▶ [MATERIAL PROVIDED]

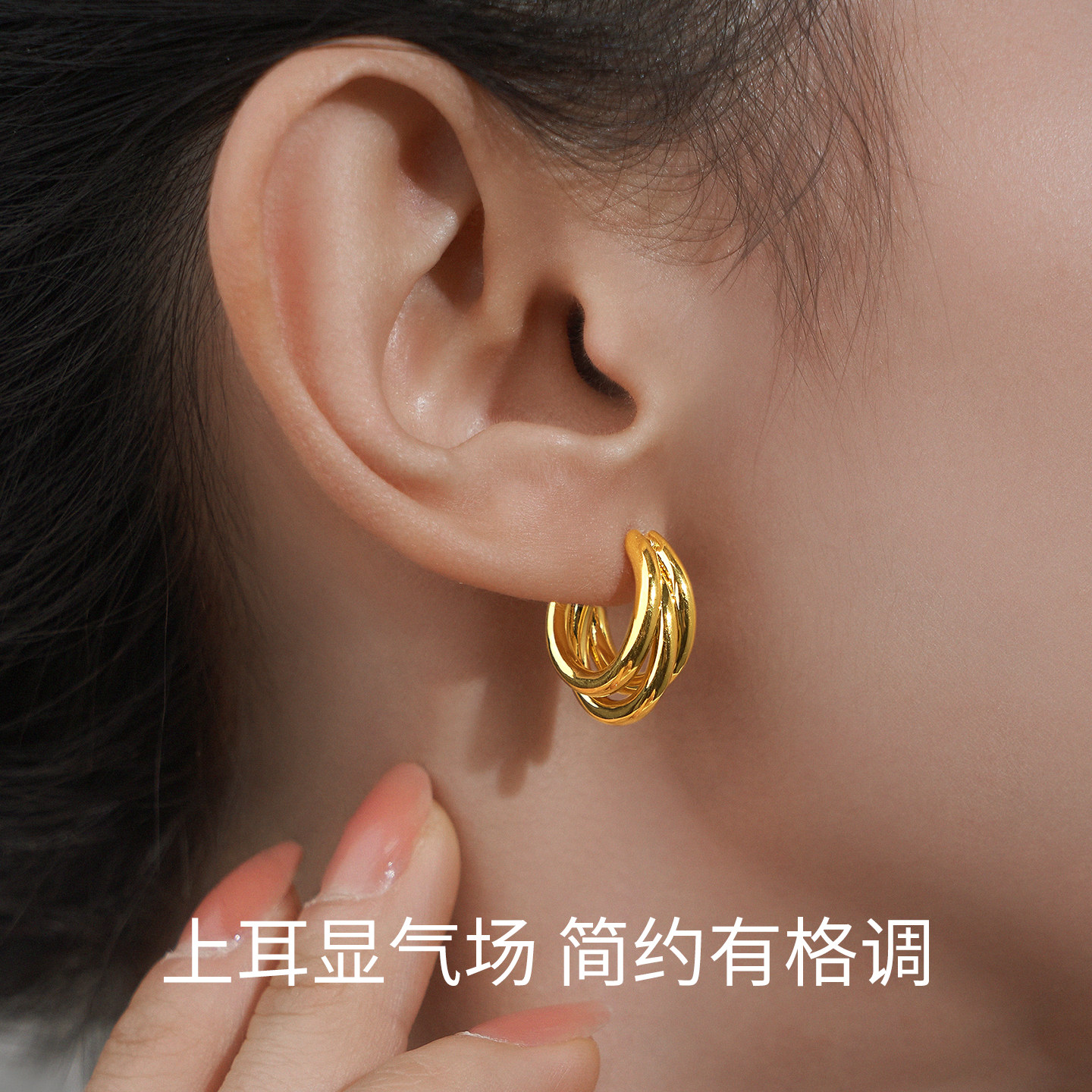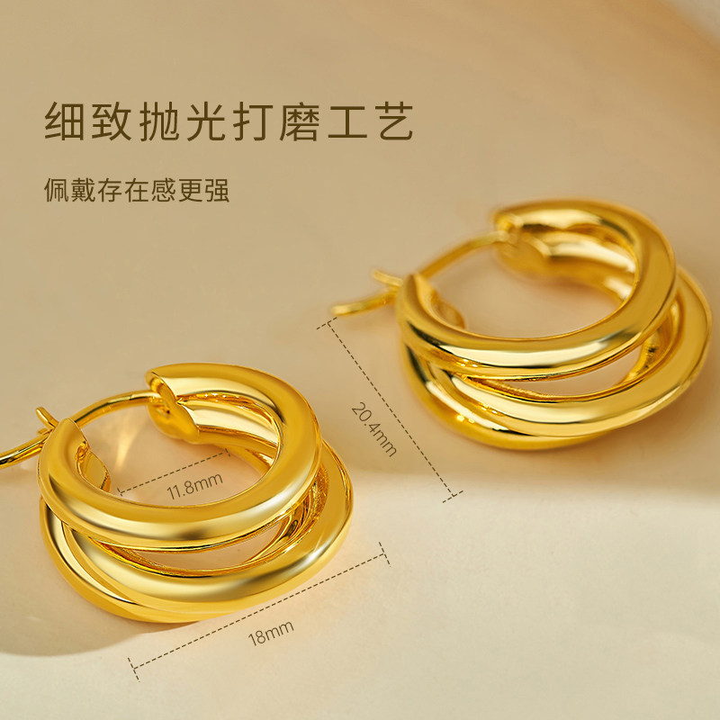 淘宝猫爪 18K金耳环光面素金耳圈三环18k金耳钉au750耳饰18k金耳扣
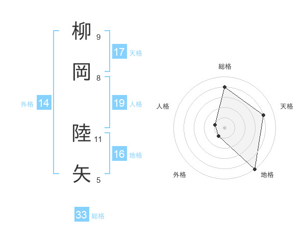 柳岡 陸矢さんの総格は33画の4点!
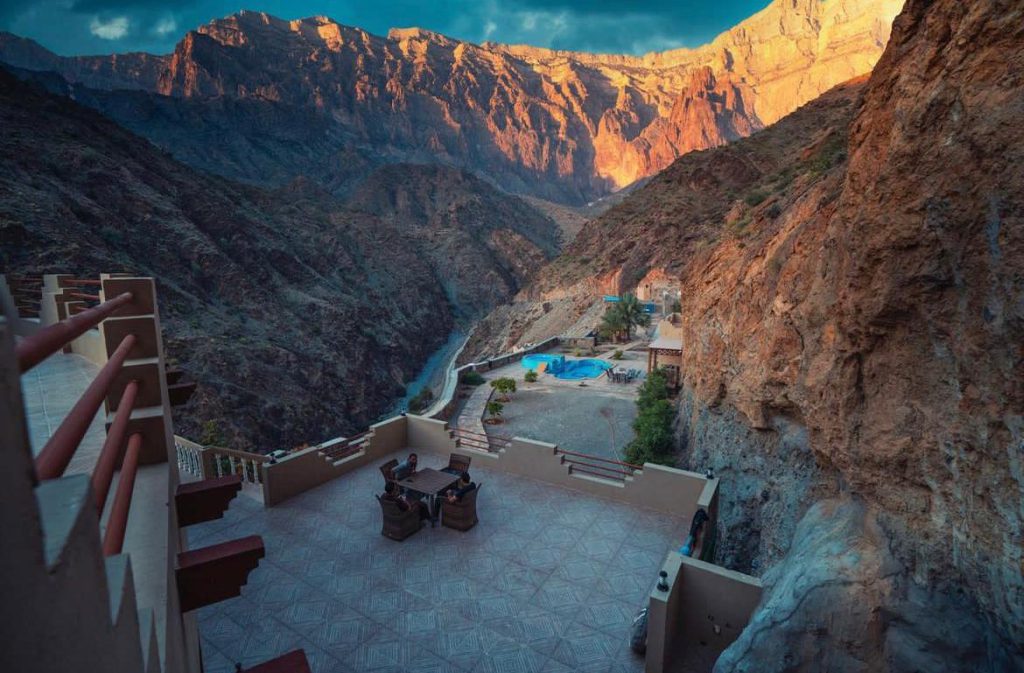 1) Shorfet al Alamin – Shorfet al Alamin, tucked away right in the middle of Jabal Sherqi, provides a getaway all year long. The hotel appeals to those wanting time in nature with its distinctively decorated suites. Located 25 kilometers from the renowned Al Hoota caves, up the mountain in Wilayat Al Hamra, which connects the Dakhliya and Batinah regions, this property provides a commanding view of the Hajar Mountains and its rugged, rock-strewn countryside while being encircled by unspoiled nature. Shorfet al Alamin provides a great place to stay at the top of the mountain, with a lovely view of the surrounding area and pleasant weather all year long. It is the perfect location to spend the summers because the temperature is around 25 degrees, and it is between 0 and 10 degrees in the winter.
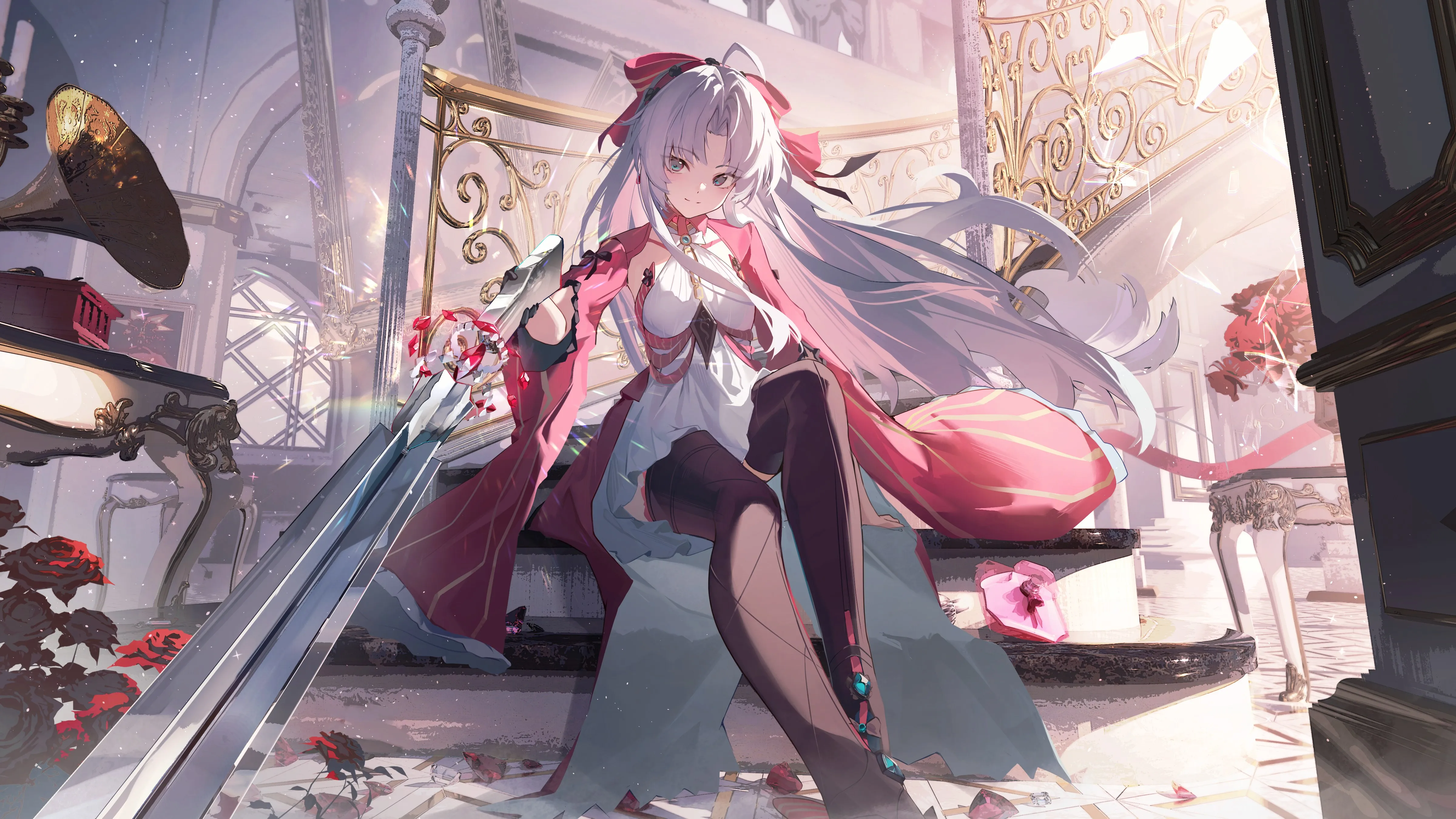 Sitting, holding a gun, girl, long hair, white hair, smiling, anime girl, howling wave, stairs, flowers, dress, weapon, rose, sunshine, thigh, high heels, black gloves, gloves, 4K wallpaper
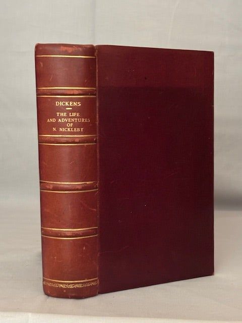 London: Chapman and Hall, 1839. First Edition. mixed issue of text, with page 123, line 17 corrected to "sister" and page 160, line 6 up with "latter" not corrected. Portrait frontispiece of Dickens, illustrated by Phiz, octavo, 624pp. Twentieth Century binding in full brown leather, spine printed in gilt, marbled end papers. Plates are tanned at edges, but images clean; light gutter stain, not affecting text, between pages 186 to 198. Very good.
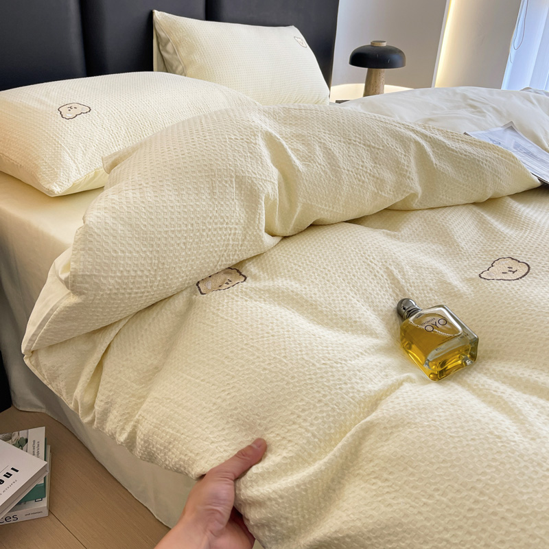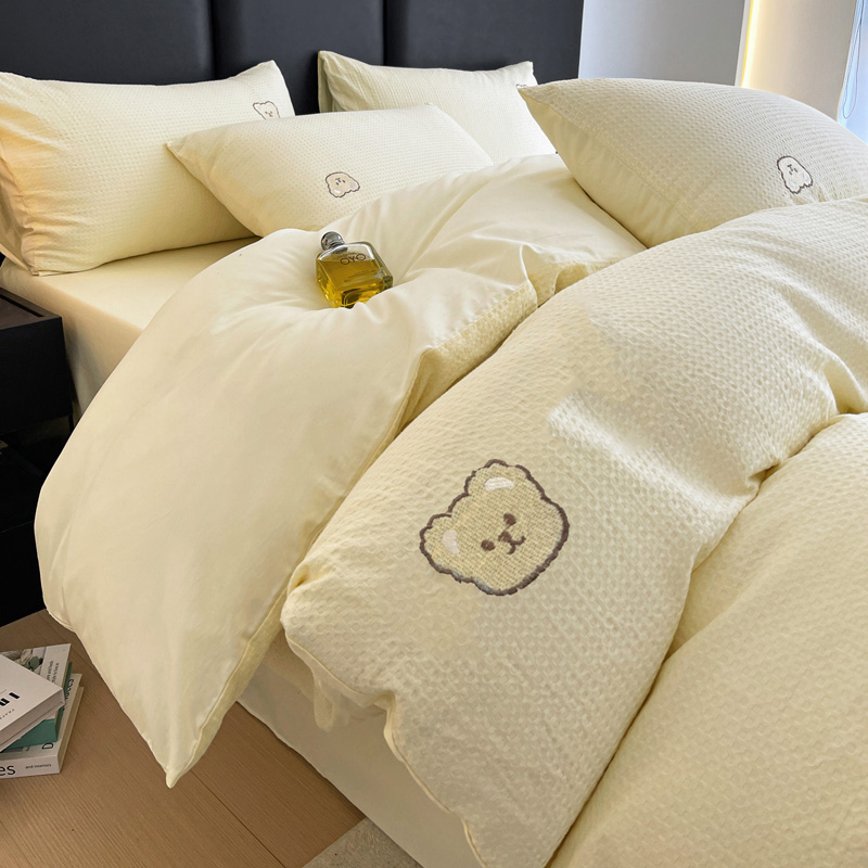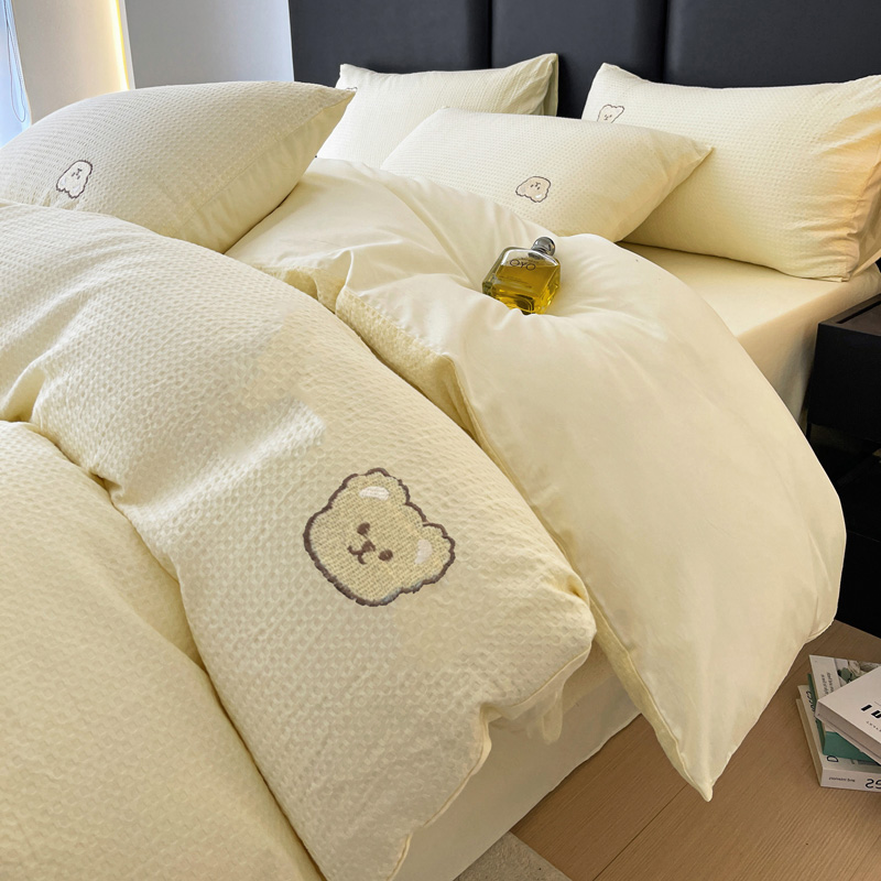 当前位置: 91家纺网 > 商品网购 > 床品套件 > 四件套 > 全棉普通四件套 > 静家居 2025新款全棉纯棉华夫格北欧小熊刺绣四件套系列-风格二 北欧小熊-鹅黄

▶ [YOUR ASSIGNMENT]
Every line in the records is to be retyped exactly as it stands; the pictures stay out.

▶ [RESULT BELOW]
 淘宝猫爪 18K金耳环光面素金耳圈三环18k金耳钉au750耳饰18k金耳扣
 柳岡 陸矢さんの総格は33画の4点!
 1) Shorfet al Alamin – Shorfet al Alamin, tucked away right in the middle of Jabal Sherqi, provides a getaway all year long. The hotel appeals to those wanting time in nature with its distinctively decorated suites. Located 25 kilometers from the renowned Al Hoota caves, up the mountain in Wilayat Al Hamra, which connects the Dakhliya and Batinah regions, this property provides a commanding view of the Hajar Mountains and its rugged, rock-strewn countryside while being encircled by unspoiled nature. Shorfet al Alamin provides a great place to stay at the top of the mountain, with a lovely view of the surrounding area and pleasant weather all year long. It is the perfect location to spend the summers because the temperature is around 25 degrees, and it is between 0 and 10 degrees in the winter.
 Sitting, holding a gun, girl, long hair, white hair, smiling, anime girl, howling wave, stairs, flowers, dress, weapon, rose, sunshine, thigh, high heels, black gloves, gloves, 4K wallpaper
 London: Chapman and Hall, 1839. First Edition. mixed issue of text, with page 123, line 17 corrected to "sister" and page 160, line 6 up with "latter" not corrected. Portrait frontispiece of Dickens, illustrated by Phiz, octavo, 624pp. Twentieth Century binding in full brown leather, spine printed in gilt, marbled end papers. Plates are tanned at edges, but images clean; light gutter stain, not affecting text, between pages 186 to 198. Very good.
 当前位置: 91家纺网 > 商品网购 > 床品套件 > 四件套 > 全棉普通四件套 > 静家居 2025新款全棉纯棉华夫格北欧小熊刺绣四件套系列-风格二 北欧小熊-鹅黄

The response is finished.